You could also use other types of volumes, of course. That is, hostPath if different config for different nodes would be required, for example.

The (empty-by-default) example config is used as a config in the NFD Docker image. Thus, this can be used as a default configuration in custom-built images.

Configuration options can also be specified via the --options command line flag, in which case no mounts need to be used. The same format as in the config file must be used, i.e. JSON (or YAML). For example:

--options='{"sources": { "pci": { "deviceClassWhitelist": ["12"] } } }'

Configuration options specified from the command line will override those read from the config file.

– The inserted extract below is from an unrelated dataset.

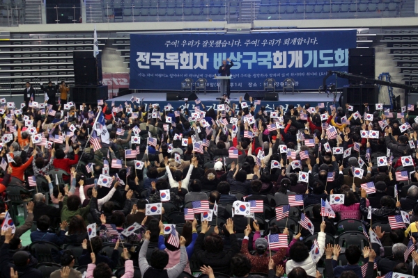 지난 3월 1일 서울 광화문 광장 일대에서 있었던 '3.1절 국가회복 범국민대회'의 연장선 상에서 기독교인들의 구국 정신을 일깨우고 회개를 촉구하는 '전국 목회자 비상구국 회개기도회'가 8일 서울 장충체육관에서 진행됐다.

Currently, the only available configuration options are related to the CPU, PCI and Kernel feature sources.

Using Node Labels

Nodes with specific features can be targeted using the nodeSelector field. The following example shows how to target nodes with Intel TurboBoost enabled.

apiVersion: v1
kind: Pod
metadata:
  labels:
    env: test
  name: golang-test
spec:
  containers:
    - image: golang
      name: go1
  nodeSelector:
    feature.node.kubernetes.io/cpu-pstate.turbo: 'true'

For more details on targeting nodes, see node selection.

Uninstallation

Operator Was Used for Deployment

If you followed the deployment instructions above you can simply do:

kubectl -n nfd delete NodeFeatureDiscovery my-nfd-deployment

Optionally, you can also remove the namespace:

kubectl delete ns nfd

See the node-feature-discovery-operator and OLM project documentation for instructions for uninstalling the operator and operator lifecycle manager, respectively.

Manual

NFD_NS=node-feature-discovery
kubectl -n $NFD_NS delete ds nfd-worker
kubectl -n $NFD_NS delete deploy nfd-master
kubectl -n $NFD_NS delete svc nfd-master
kubectl -n $NFD_NS delete sa nfd-master
kubectl delete clusterrole nfd-master
kubectl delete clusterrolebinding nfd-master

Removing Feature Labels

NFD-Master has a special --prune command line flag for removing all nfd-related node labels, annotations and extended resources from the cluster.

kubectl apply -f https://raw.githubusercontent.com/kubernetes-sigs/node-feature-discovery/master/nfd-prune.yaml.template
kubectl -n node-feature-discovery wait job.batch/nfd-prune --for=condition=complete && \
    kubectl -n node-feature-discovery delete job/nfd-prune

NOTE: You must run prune before removing the RBAC rules (serviceaccount, clusterrole and clusterrolebinding).